Let \(A\) and \(B\) be two commuting positive operators on a Hilbert space \(H\) such that \[ 0<m_{1}\leq A\leq M_{1}\quad \text{and}\quad 0<m_{2}\leq A\leq M_{2}\quad(m_{1} <M_{1},\;m_{2}<M_{2}). \] The main result of this paper is the upper estimate \[ \langle A^{p}x,x\rangle^{1/p}\langle B^{q}x,x\rangle^{1/q}-\lambda\langle ABx,x\rangle\leq M_{1}M_{2}F_{0}(\lambda,m_{1}/M_{1},m_{2}/M_{2},p), \] valid for all unit vectors \(x\in H\) and all real numbers \(\lambda>0\) and \(p>1\). Here \(1/p+1/q=1.\) This extends a number of well-known inequalities (such as the Greub-Rheinboldt inequality) and also a result due to \textit{S. A. Gheorghiu} [ Bull. Math. Soc. Roum.

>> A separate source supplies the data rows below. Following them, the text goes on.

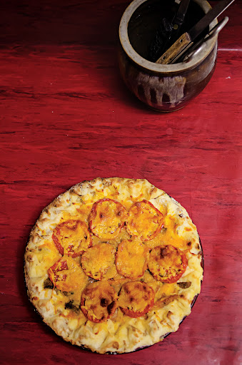 • 3 medium vine-ripe tomatoes, cored and sliced 1/4" thick
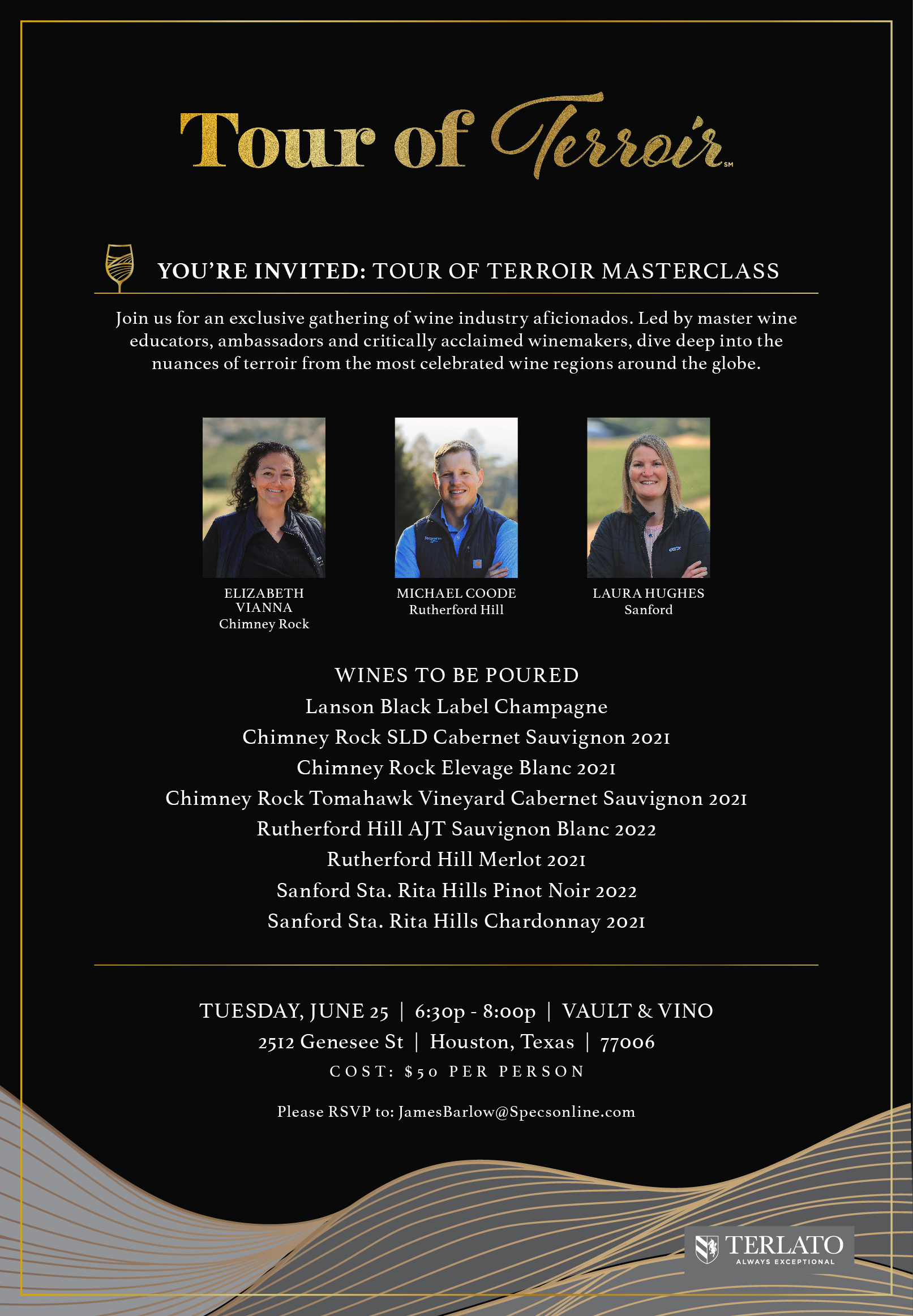 I have a unique experience for you all to enjoy with THREE wineries joining us to talk about terroir in California. They will be pour some specially selected wines to show off the terroir of their particular regions while talking us through the nuances and soils that make their wines so unique. This should be a SPECIAL experience, that will not be duplicated!
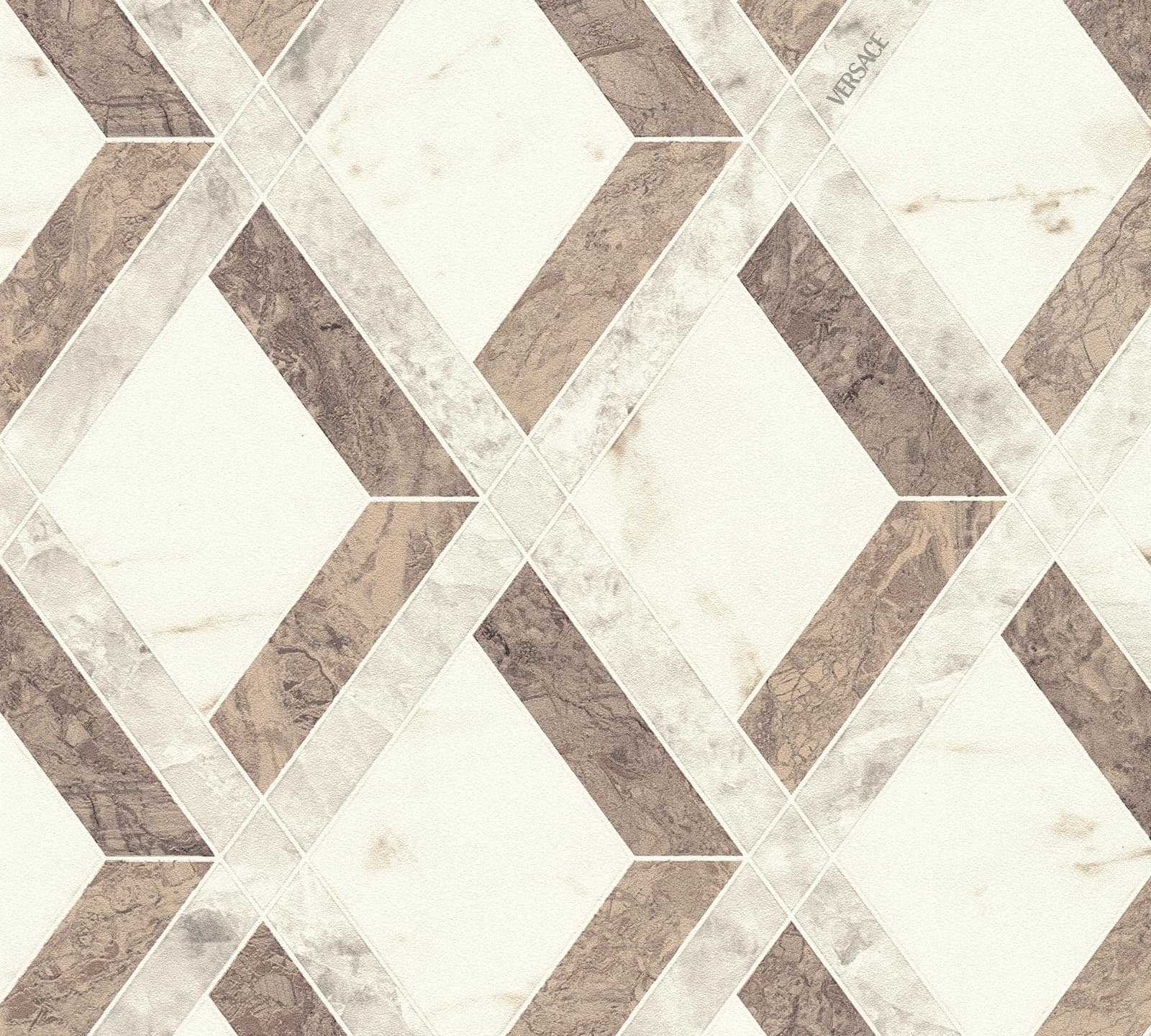 Versace wallpaper diamond pattern marble brown grey 79133-4
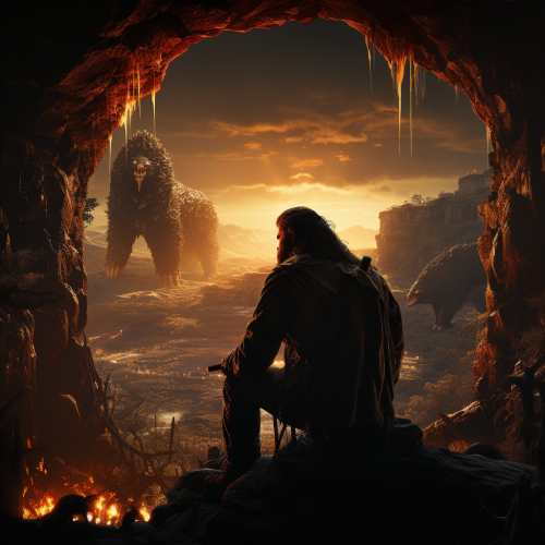 In the midst of a prehistoric landscape, a caveman stands at the entrance of a cave, silhouetted against the dimly lit interior. His rugged, primal features are accentuated by the flickering firelight within. He is draped in animal hides, clutching a crude stone tool in one hand, a symbol of human ingenuity. Outside, a world of ancient giants unfolds. Towering trees with gnarled branches stretch upward, their leaves rustling in the wind. Colossal creatures like mammoths and saber-toothed tigers roam the land, while enormous, majestic birds soar through the sky. The air is thick with the earthy scent of moss and the smoky aroma of a crackling campfire. It's a timeless scene, capturing the essence of a pivotal moment in human history, where the caveman's journey of survival and adaptation unfolds against the backdrop of a primordial world. --s 750
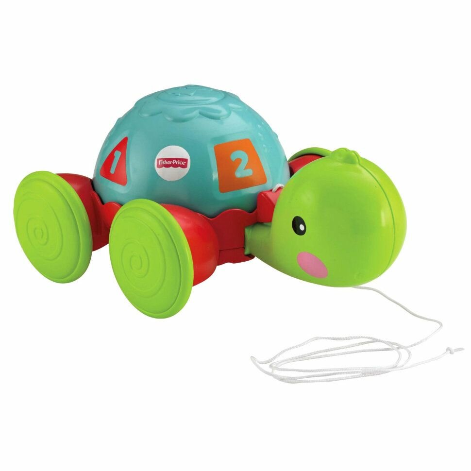 Каталка "Черепашка" на веревочке Fisher-Price (Фишер-Прайс) Каталка на веревочке "Черепаха" представляет собой уникальную игрушку, которая развивает общую моторику, равновесие и координацию движений, а также логическое мышление. С ней можно играть как дома, так и на улице. Во время движения черепашка забавно качает головой, привлекая внимание малыша. Поворачивая панцирь по кругу, ребенок научится распознавать цифры, формы и цвета.
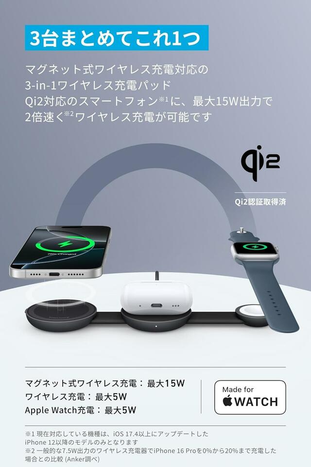 3-in-1設計により、スマートフォン・Apple Watch・ワイヤレスイヤホンを3台同時に充電できるのも大きな魅力。配線が散らからず、デスクやベッドサイドもすっきり整います。また、Ankerらしい安全設計で、日常使いから旅先まで安心して使える点も見逃せません。

Sci. 35, 117--119 (1933; Zbl 0008.34504)]. As a consequence, it is shown the existence of a similar upper bound for \[ \langle A^{p}x,x\rangle^{1/p}\langle B^{q}x,x\rangle^{1/q}-\lambda\langle B^{q}\natural_{1/p}A^{p}x,x\rangle, \] where the (positive and invertible) operators \(A\) and \(B\) are not necessarily commuting; \(B^{q}\natural_{1/p}A^{p}\) represents the Kubo-Ando \(1/p\)-geometric mean of \(B^{q}\) and \(A^{p}\). It is shown that \(C\natural_{s}D=C^{1/2}\) \((C^{-1/2}DC^{-1/2})^{s}C^{1/2}\), cf. \textit{F. Kubo} and \textit{T. Ando} [ Math. Ann. 246, 205--224 (1980; Zbl 0412.47013)]. Note: There is an obvious misprint in the title: ``reserve'' should be replaced by ``reverse''.